> **WHAT IS NEEDED**: Please return the listing below word for word, minus its pictures.

> **PROVIDED DATA**:
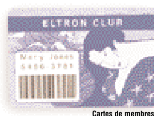
Cartes de membres
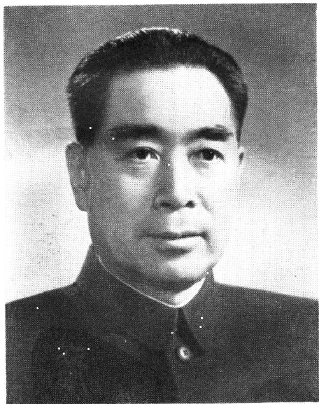
中国人民伟大的无产阶级革命家 杰出的共产主义战士周恩来同志
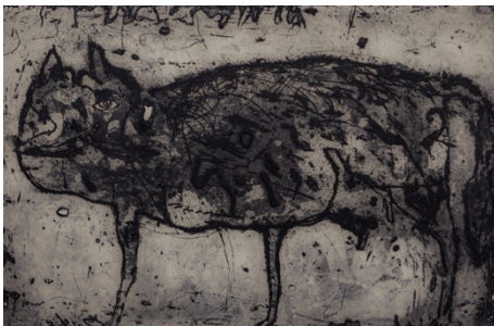
Horst Janssen O.T. ( Katze ), 1959

> **SOLUTION TO THE PROBLEM**:
Cartes de membres
中国人民伟大的无产阶级革命家 杰出的共产主义战士周恩来同志
Horst Janssen O.T. ( Katze ), 1959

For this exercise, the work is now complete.